▸ Data shown
*-*-*

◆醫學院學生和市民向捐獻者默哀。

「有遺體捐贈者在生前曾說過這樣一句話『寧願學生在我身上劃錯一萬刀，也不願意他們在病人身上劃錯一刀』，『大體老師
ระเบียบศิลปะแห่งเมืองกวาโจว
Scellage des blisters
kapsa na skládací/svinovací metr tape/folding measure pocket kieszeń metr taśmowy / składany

*-*-*

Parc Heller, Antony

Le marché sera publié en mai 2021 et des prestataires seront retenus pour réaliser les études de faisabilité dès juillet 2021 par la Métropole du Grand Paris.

*-*-*

▸ Activity
Considering only the material above, set down every line from the one with "Scellage des blisters" to the one with "kapsa na skládací/svinovací", inclusive, exactly as written.

▸ Solution to the problem
Scellage des blisters
kapsa na skládací/svinovací metr tape/folding measure pocket kieszeń metr taśmowy / składany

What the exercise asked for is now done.